[Source data]:
<<<<

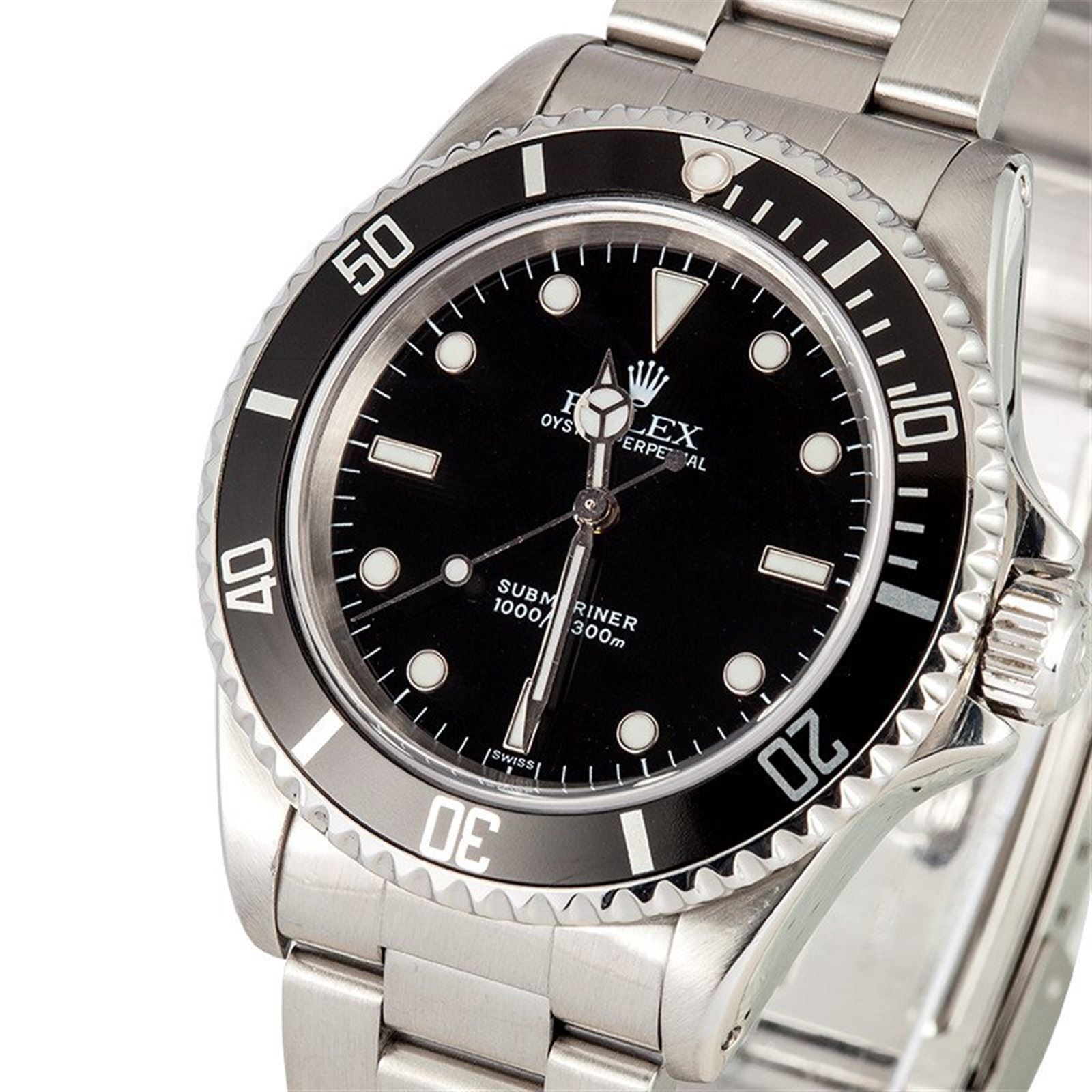 Model/Style-Submariner 14060 Serial/Year-Random Features-Automatic movement, waterproof screw-down crown, unidirectional rotatable time-lapse diver's bezel, scratch-resistant sapphire crystal Case-Stainless steel (40 mm) Bracelet-Stainless steel Oyster #9192
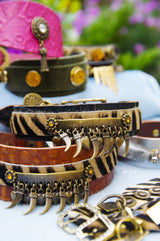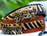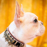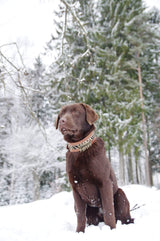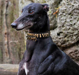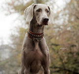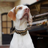 Beautiful and savage dog collar Kwatile for sizes from S to XL dogs. Soft large patterned croco leather in wide sizes or normal standard width. This is a very durable collar. In the center we have added a strong metal brooch with tiny cool metal decorations. Kwatile is a sturdy dog collar with a savage cool feeling and soft durable leathers. This collar ages with beauty.
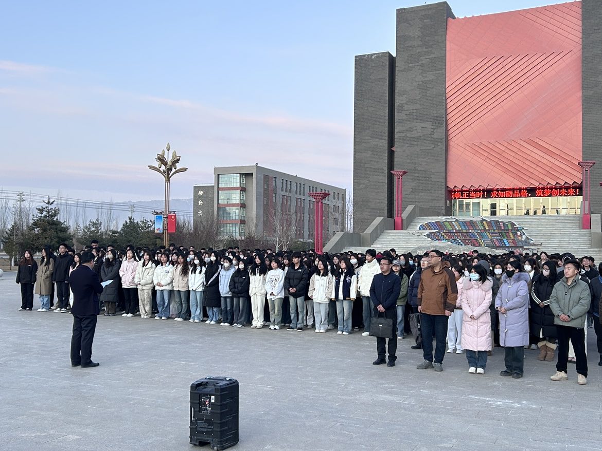? 2025年3月10日,醫(yī)學(xué)技術(shù)學(xué)院在學(xué)校圖書(shū)館東廣場(chǎng)舉行新學(xué)期升國(guó)旗儀式,全體輔導(dǎo)員、班主任及在校學(xué)生參加。? ? ?
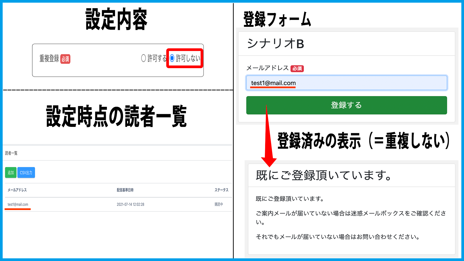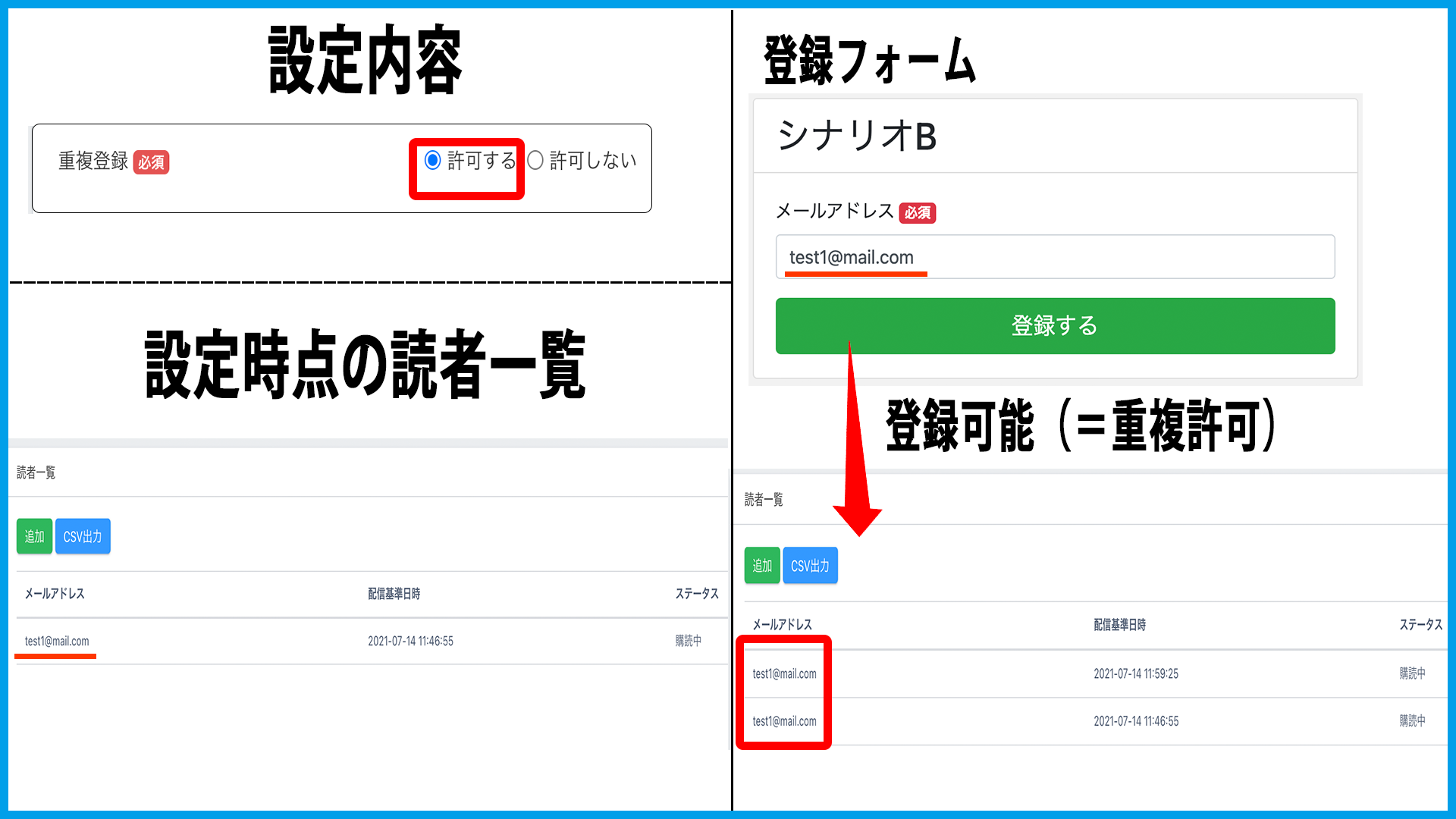 「許可する」場合、読者の重複登録が可能になります。

>>>>

[Work order]: Where the material contains pictures, leave them out and copy the rest verbatim.

[Task answer]:
 Model/Style-Submariner 14060 Serial/Year-Random Features-Automatic movement, waterproof screw-down crown, unidirectional rotatable time-lapse diver's bezel, scratch-resistant sapphire crystal Case-Stainless steel (40 mm) Bracelet-Stainless steel Oyster #9192
 Beautiful and savage dog collar Kwatile for sizes from S to XL dogs. Soft large patterned croco leather in wide sizes or normal standard width. This is a very durable collar. In the center we have added a strong metal brooch with tiny cool metal decorations. Kwatile is a sturdy dog collar with a savage cool feeling and soft durable leathers. This collar ages with beauty.
? 2025年3月10日,醫(yī)學(xué)技術(shù)學(xué)院在學(xué)校圖書(shū)館東廣場(chǎng)舉行新學(xué)期升國(guó)旗儀式,全體輔導(dǎo)員、班主任及在校學(xué)生參加。? ? ?
 「許可する」場合、読者の重複登録が可能になります。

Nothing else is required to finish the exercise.